Sponsored by five regions of the world including Europe, Japan, Korea, Taiwan and the United States, the goal of the ITRS committee is to identify gaps, technical needs and potential solutions related to semiconductor technology. According to the press release issued by the SIA, among the findings and predictions of the 2013 ITRS roadmap with regards to devices is that “the combination of 3D device architecture and low power devices will usher in a new era of scaling identified in short as ‘3D Power Scaling.’ The increase in the number of transistors per unit area will eventually be accomplished by stacking multiple layers of transistors.“ Which goes hand-in-hand with that the roadmap predicts for the future of systems integration, stating ”the integration of multiple technologies in a limited space (e.g., GPS, phone, tablet, mobile phones, etc.) has revolutionized the semiconductor industry by shifting the main goal of any design from a performance driven approach to a reduced power driven approach.” In other words, all roads point to reduced power as the most pressing need, and 3D SoC (aka 3D power scaling) will be the way to do it, whether they are 3D transistors, Monolithic 3D IC, or 3D stacked IC.

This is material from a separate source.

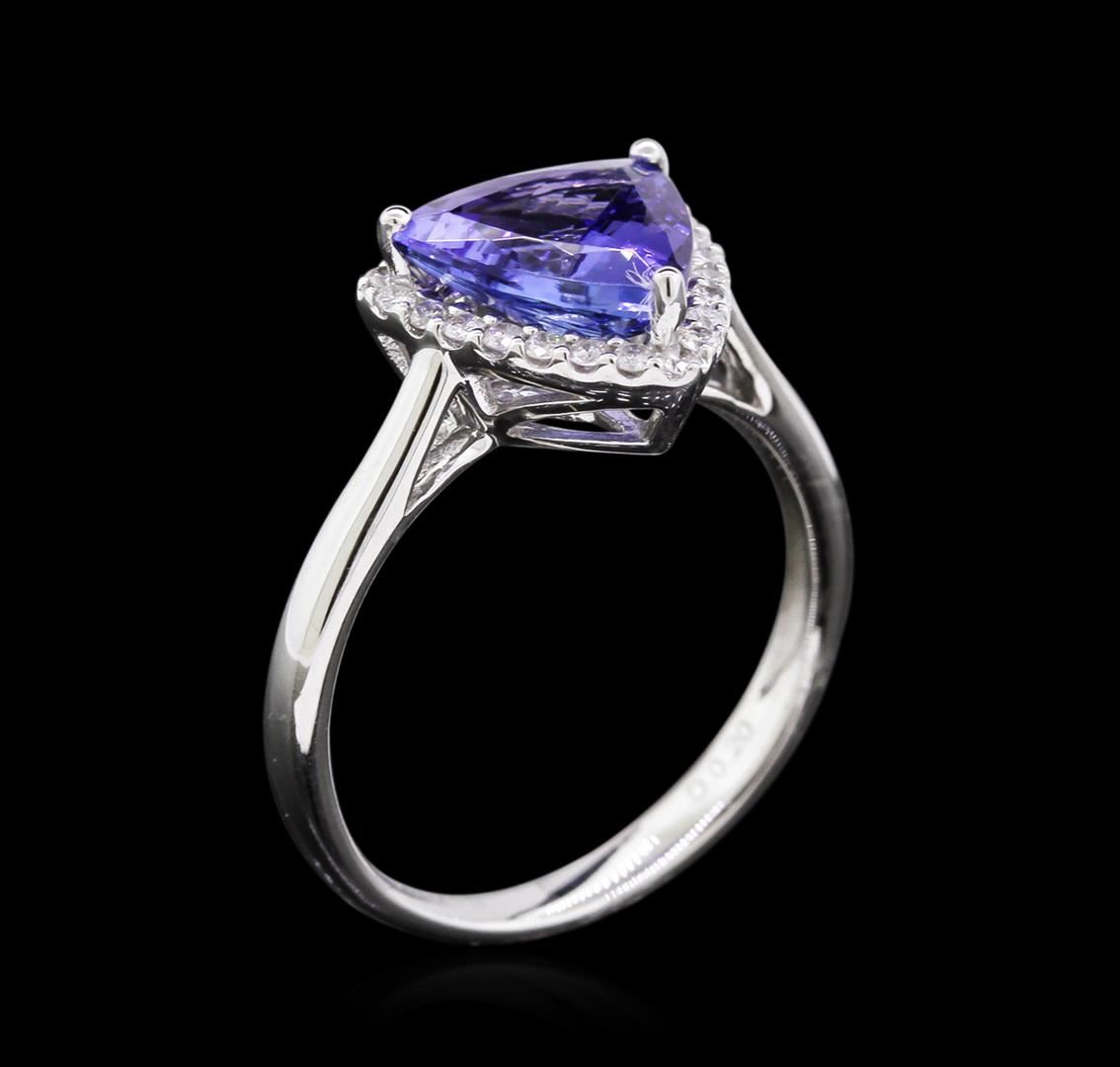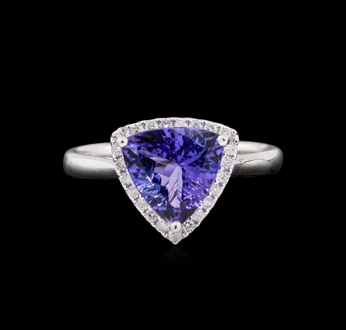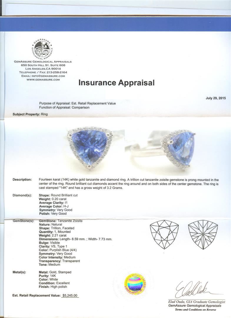 One 14KT white gold tanzanite and diamond ring. A trillion cut tanzanite zoisite gemstone is prong mounted in the center of the ring. Round brilliant cut diamonds accent the ring around the center gemstone and on both sides. The ring is cast stamped "14K" and has a gross weight of 3.2 Grams. Diamond(s): Shape: Round Brilliant Cut. Weight: 0.20 carat. Average Clarity: I1. Average Color: H-J. Symmetry: Very Good. Polish: Very Good. GemStone(s): Tanzanite Zoisite. Nature: Natural. Shape: Trillion, Faceted. Quantity: 1, Mounted. Weight: 2.21 carat. Dimensions: Length - 8.59 mm. ; Width - 7.73 mm. Bulge: Visible. Clarity: VS, Type 1. Color: Purplish Blue (4/4). Symmetry: Very Good. Color Intensity: Medium. Transparency: Transparent. Tone: Medium. Metal(s): Metal: Gold, Stamped. Purity: 14K. Color: White. Condition: Excellent. Finish: High polish. GGA Appraised at $5,245.00.

A recent post in Advanced Substrate News co-authored by Jean-Eric Michallet, Hughes Metras and Perrine Batude of CEA-Leti, titled Going Up! Monolithic 3D as an Alternative to CMOS Scaling, supports this theory, and compares current approaches to 3D IC stacking using TSVs to interconnect stacked die, with the advantages of Monolithic 3D (M3D) – also known as sequential 3D.
According the post, M3D increases density “sequentially” within a single process flow, as opposed to the TSV approach, which is applied to die that have already been processed. One of the benefits noted is that M3D allows for increasing density without requiring downscaling of individual features. M3D could also provide a gain in performance by reducing the metal wiring delay, thanks to direct contact between transistor levels. From a cost perspective, M3D appears to offer a competitive advantage over equivalent N+1 scaling nodes: the scaling achieved in node N and even N-1 can be leveraged for another generation. The post also demonstrates the M3D process flow, based on SOI wafers.

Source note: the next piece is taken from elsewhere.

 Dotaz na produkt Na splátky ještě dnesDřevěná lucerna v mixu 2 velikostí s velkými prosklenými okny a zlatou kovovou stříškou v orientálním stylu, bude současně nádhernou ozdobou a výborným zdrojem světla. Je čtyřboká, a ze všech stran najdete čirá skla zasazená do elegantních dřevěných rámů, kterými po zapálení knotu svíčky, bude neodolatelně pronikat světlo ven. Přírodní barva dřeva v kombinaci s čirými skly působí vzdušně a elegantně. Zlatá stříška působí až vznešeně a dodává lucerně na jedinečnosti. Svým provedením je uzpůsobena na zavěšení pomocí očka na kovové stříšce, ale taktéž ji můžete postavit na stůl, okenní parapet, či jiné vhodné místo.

Leti is so sure about the promise this technology holds, that it has begun building an M3D ecosystem of partners to “enable rapid industrialization of the process.” QUALCOMM has already thrown its hat in the ring, having recently partnered with LETI on the M3D mission and dedicating resources to assess the feasibility of M3D.
In other 2.5D and 3D coverage, SemiEngineering’s Mark LePedus canvased the main players in the industry to get a better idea of the current direction of 2.5D and 3D IC progress. His post is titled Time To Revisit 2.5D and 3D, which I find to be amusing as most of us never stepped away from 2.5D and 3D, but have had our eye firmly on the prize the whole time. Nethertheless, LePedus gives a comprehensive update on the 3D roadmap, the various approaches to collaboration, expected product ramps from major players, and has some straight numbers on how much 3D is going to cost us, and a breakdown of cost by process.
Overall, the post doesn’t reveal anything earth shattering, and it comes to the same conclusion that we’ve been talking about on 3D InCites for some time; a gradual ramp, with costs coming down gradually to make sense for the next round of products. ~ F.v.T.